If the course you’re following originated on Strava, then you may have been hit by a Strava bug.
Lots of us create or use routes from Strava, and use the integration with Garmin so that any route that you favourite in Strava appears automatically on your Garmin bike computer. Its a really slick integration, however there is a bug that means routes transferred from Strava this way have an offset in elevation data.
What Causes the Bug in Garmin not showing climbs properly?
Cycling routes are made up of a series of GPS data points in a file, that define the route.
For each point, there is typically a latitude (north/south position) , and a longitude (east/west position) and an elevation figure (how high the point is from sea level), there can be a lot of other data added but that’s the minimum requirement.
A data point might look like this
<trkpt lat="51.422540000000005" lon="-0.2832">
<ele>37.22</ele>
</trkpt>
Strava creates these points in the route every 50 metres or so.
However, when Strava transfers a route to Garmin Connect, it doesn’t just send the original route data, it creates a lot of additional data points, roughly 4 times as many as the original route.

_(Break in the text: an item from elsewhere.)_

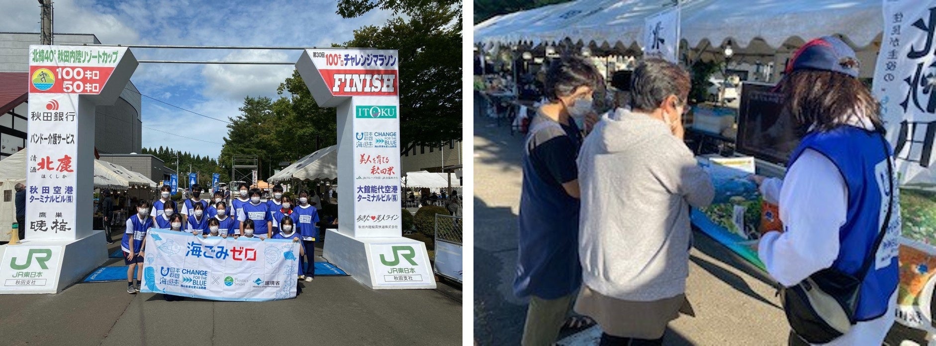 ランナーや応援以外に、大会に関わるスタッフや地元ボランティアはおよそ3000人以上となります。この大会を通してあきた海ごみゼロプロジェクト実行委員会は、ウルトラマラソンでのプロギングを実施するほか、スタートやゴールゲート、給水や休憩の為のエイドステーションなど様々な場所で「CHANGE FOR THE BLUE」ロゴの掲出をすると共に、大会前日23日(土)に行われる前夜祭や後夜祭ではCHANGE FOR THE BLUEブースを設置し、秋田の美しい海を守っていくために、ごみの分別・ポイ捨てストップを呼びかけるチラシやごみ袋の配布などの海洋ごみ削減の啓発活動を行います。また大会開催前の17日(日)には地元のボランティアやマラソン事務局の方々と、ランナーたちが綺麗なあきたの自然を感じ気持ちよく走れるようコース上の清掃活動を実施します。

In the process of creating these additional data points, the Strava code somehow manages to offset the elevation data.
This offset is what causes the elevation shown on your Garmin device to not match real life.
Workarounds
There are a couple of ways to work round this issue, neither are very convenient
- Transfer the route the old school way by downloading the GPX file from the Strava website and then copying it to the Garmin/Newfiles folder on your Garmin device.

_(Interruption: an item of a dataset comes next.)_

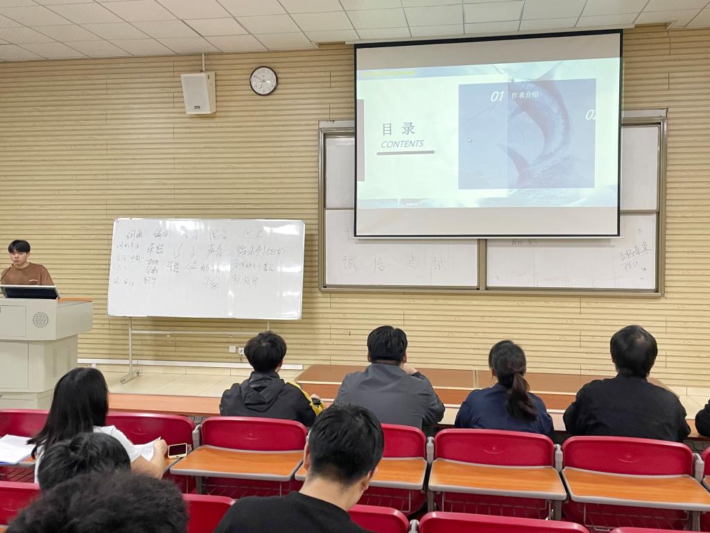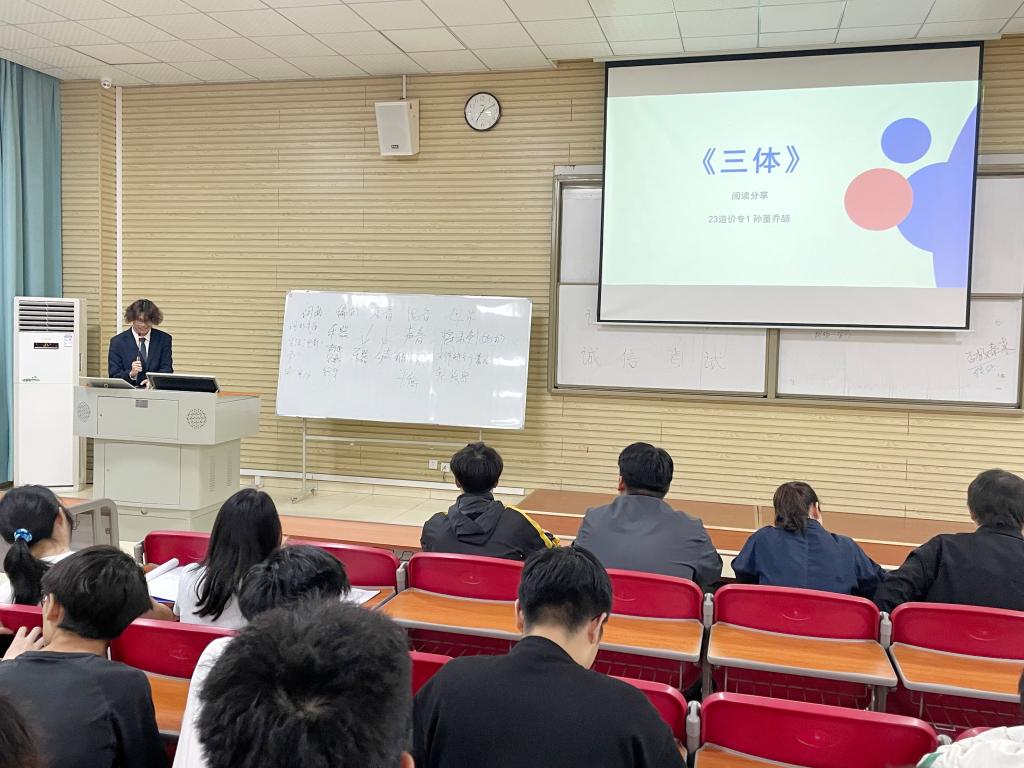 孙董乔喆同学给大家分享的是刘慈欣老师的《三体》。作品讲述了地球人类文明和三体文明的信息交流、生死搏杀及两个文明在宇宙中的兴衰历程。《三体》的文本叙事在“后人类”的思考上有着重大突破,构建了科学与文学的互动范式,将道德内涵引入对科技的辩证思考中。孙董乔喆以其独特的幽默演讲形式,让同学们进一步了解了这本书,并产生浓厚的阅读兴趣。

- Use routes created somewhere other than Strava, such as in Garmin Connect
Manually transferring files requires a PC or Mac, the correct cables, and that you remember to Eject the Garmin device after transfer, otherwise the file system can become corrupted.
Why hasn’t Strava Fixed This?
It’s not really obvious its a Strava issue, I originally thought it was a Garmin problem, so many people might be blaming Garmin. The issue used to be much worse, Strava released a patch back in April 2023 which reduced the offset but didn’t fix it. The image below shows the improvement, and that its not actually resolved.
I have an open ticket with them, but they haven’t done much with it. The ticket reference is 2638502 which you can mention if you want to raise your own ticket.
Where Can I find out More?
You can read the original thread I started on Garmin Connect and also GPLama did a video about it
You seem shifty, I don’t believe you
You can reproduce this yourself, details are in the Garmin forum thread. My most recent test was creating a route that just lapped Richmond Park 15 times. In the original Strava gpx file the highest point of 56.42m was always at exactly the same position as you’d expect, once the file was transferred to Garmin, the highest point moved around 2 metres on each lap, always in the same direction along the route.
2 Comments
Karl Jayasingha · November 5, 2023 at 5:38 pm
Great post Jeff. Do you think it will ever get fixed? It feels like it almost an accepted bug now.
Jeff Forrest · November 6, 2023 at 7:39 am
I hope so. I updated the ticket again and linked to the latest analysis.